▶ Instructions for the task: When you reach the line with "暑い時期はノースリーブとして" in the records below, begin transcribing exactly and continue up to and including the line with "Ring light retrátil bastão seife tripe", leaving out every picture.

▶ Provided data:
■ ■ ■ ■ ■ ■ ■
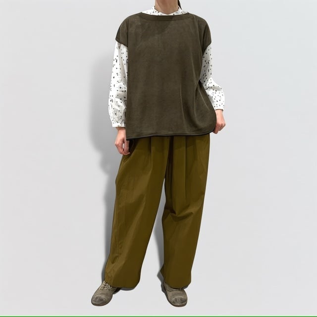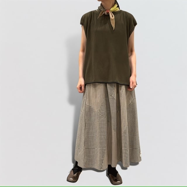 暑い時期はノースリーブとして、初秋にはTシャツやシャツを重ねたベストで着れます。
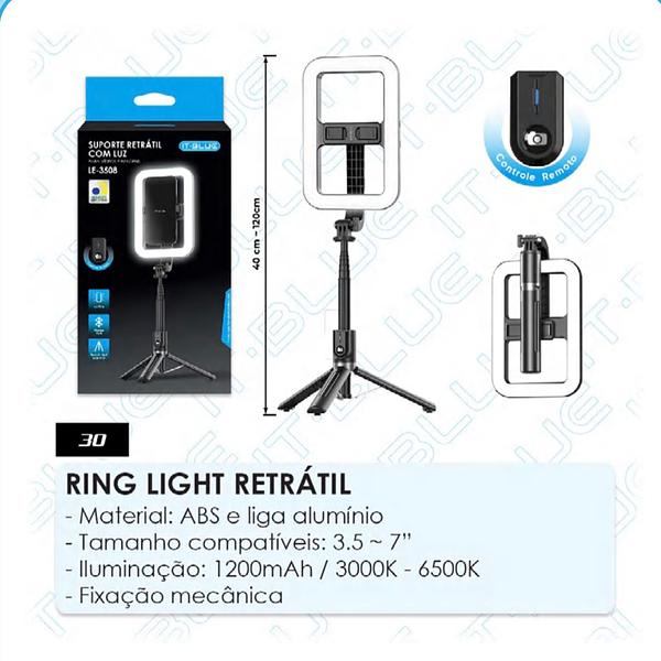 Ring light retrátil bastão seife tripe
■ ■ ■ ■ ■ ■ ■
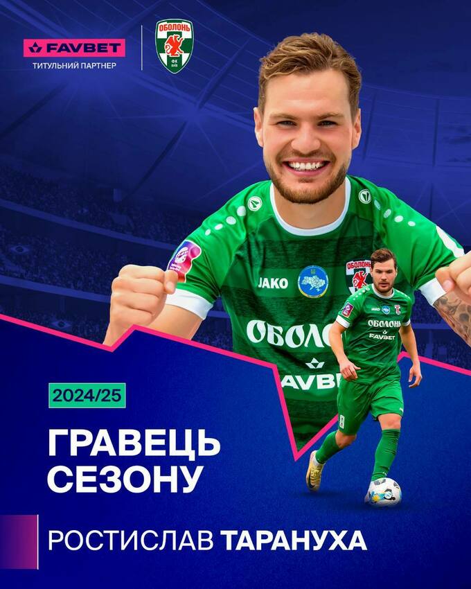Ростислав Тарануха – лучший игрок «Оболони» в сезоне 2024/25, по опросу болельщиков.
■ ■ ■ ■ ■ ■ ■
▶ Answer to this task:
 暑い時期はノースリーブとして、初秋にはTシャツやシャツを重ねたベストで着れます。
 Ring light retrátil bastão seife tripe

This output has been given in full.